Okay, you can pass the Homeland Security Bill and airline recovery, okay. All these things occur. The president stands in Jackson Square and announces a major recovery after the hurricane. Then the blame game cranks up, okay, who is going to pay for all this? Toronto went through this in great, exquisite detail, excruciating detail.

But who paid? And then, we're an ADD culture, you know, selective amnesia sets in, and we go back to the green zone again. You got to remember, when you're planning your business strategy, where are you on that cycle? You can't do legislative change if this is a green day. Nobody cares, okay, and if you are in the red zone up here, if you are Wal-Mart and you're sending your trucks with ice and water into New Orleans and somebody at FEMA is setting down here saying, well, you can't go in unless you've got a tracking number, a FEMA tracking number, you can't go into the city, somebody's not playing on the wrong face of the script here.
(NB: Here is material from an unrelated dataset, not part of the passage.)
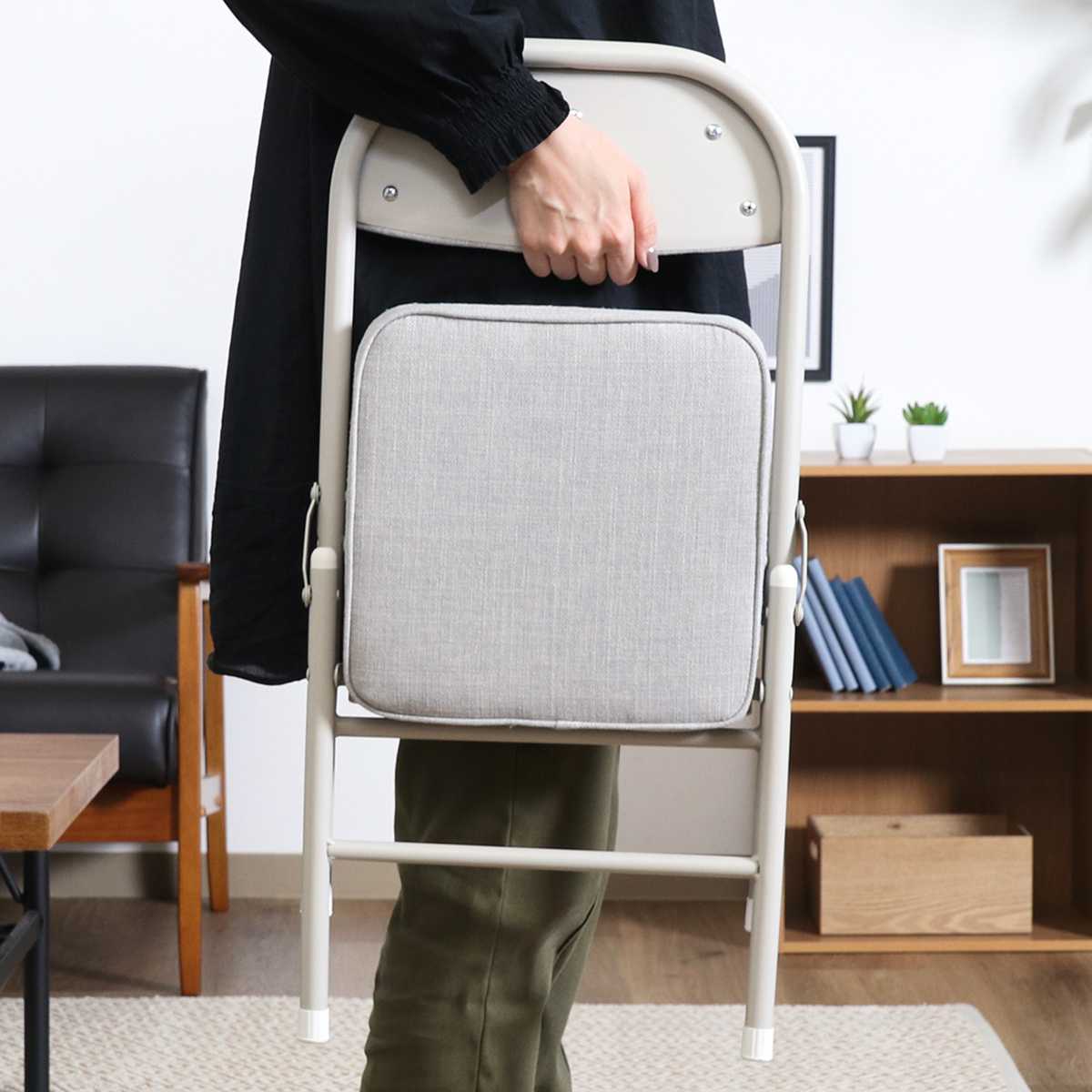 | サイズ | 約 幅34×奥行34×高さ53.5(cm) 座面高:約 30(cm) 座面サイズ:約 幅28×奥行28×厚さ5cm 折りたたみ時:約 幅34×奥行7×高さ69.5cm |

So, it is important, the flat world message to all this is coming out of Thomas Friedman. He talks about wholesale reform and retail reform. It's in the interest of governments to provide the best legal and institutional framework with which to innovate, start companies, and become attractive partners for global collaboration.

The final message for you, out of this, is what can business and legal communities do?

One, we've touched on this earlier, verify that your governments are ready and prepared. Are your legal and institutional frameworks there? If you have a footprint in China, you need to be testing.

Do they really have epidemiology, laboratory, intervention, communications, command and control, okay? That's part of your due diligence to find out. Wherever you are, are they really ready?

Second, you need to build your own external preparedness networks, geographically, wherever you are, be it Chicago or Guangdong, and industry-wide, within your own supply chain structures. And then finally, prepare for the moments of change. Your leadership arrangements are going to shift. The laws and policies are going to change. You've got to prepare for that upstream and as Bob Shapiro pointed out . . .

If I were saying what we need to do, the great challenge here is to build some new bridges. I really want to thank the sponsors of this, for Roseann and Deutsche Bank, for Paul H. Sloan and for Tara at UPMC.

The law can assist in building some of these new bridges, but I'm very gratified to be here and see that you're well on your way. Thank you very much.